### PROBLEM TO WORK ON
Take the line containing "国境を越えたアマゾンのアメリ" and each line after it through the end of the data below, and return them exactly, minus any pictures.

### DATA SECTION
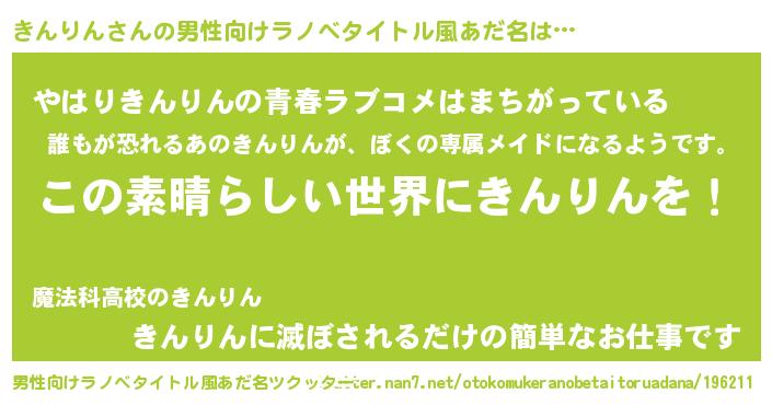 | 意味不明あだ名 | 『住所不定無職きんりん(98歳)』 |
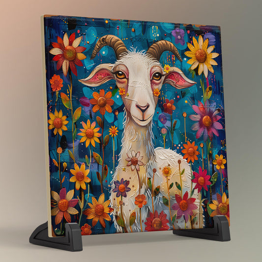 Whimsical Goat Ceramic Art on Tile, Folk Art Animal Decor, Farmhouse Style Print
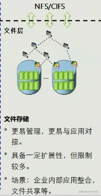 工作原理:存储自身就可以提供文件系统,给上层通过NFS或CIFS客户端来使用
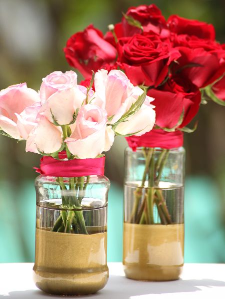 Para repaginar o visual de seu jardim ou da decoração da parte de dentro da sua casa, invista em vaso com pintura que imita ouro, que é muito fácil de ser feito e que pode até mesmo utilizar potes de vidro vazios, para você evitar jogá-los no lixo. E com esta técnica você também pode decorar outras peças de vidro, como jarros, por exemplo.
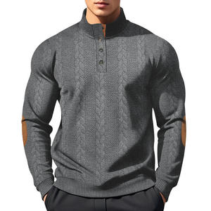 国境を越えたアマゾンのアメリカ春秋重ポンドジャカード男性ボタン立襟パッチヘンリー長袖カジュアルガーディアン男
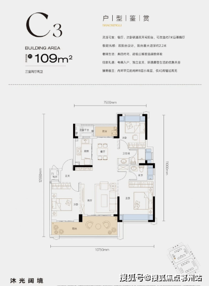 独立玄关入户,私密性与仪式感十足。三开间面宽可达约10.75m,1厅2卧直面阳光,采光性和通透度都非常优越;双阳台+四飘窗设计,不仅空间尺度更大,还实现了板式通风对流布局让空间变得舒适、自在;阳台最大进深达到约2.2m,承载了诗意生活的所有想象。
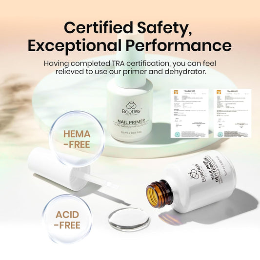 Beetles 20ml 2Pcs Nail Dehydrator and Primer, Large Capacity Acid Free Acrylic Nail Prep Dehydrate and Primer for UV Gels Superior Bonding Professional Salons Set

### ANSWER TO THIS PROBLEM
 国境を越えたアマゾンのアメリカ春秋重ポンドジャカード男性ボタン立襟パッチヘンリー長袖カジュアルガーディアン男
 独立玄关入户,私密性与仪式感十足。三开间面宽可达约10.75m,1厅2卧直面阳光,采光性和通透度都非常优越;双阳台+四飘窗设计,不仅空间尺度更大,还实现了板式通风对流布局让空间变得舒适、自在;阳台最大进深达到约2.2m,承载了诗意生活的所有想象。
 Beetles 20ml 2Pcs Nail Dehydrator and Primer, Large Capacity Acid Free Acrylic Nail Prep Dehydrate and Primer for UV Gels Superior Bonding Professional Salons Set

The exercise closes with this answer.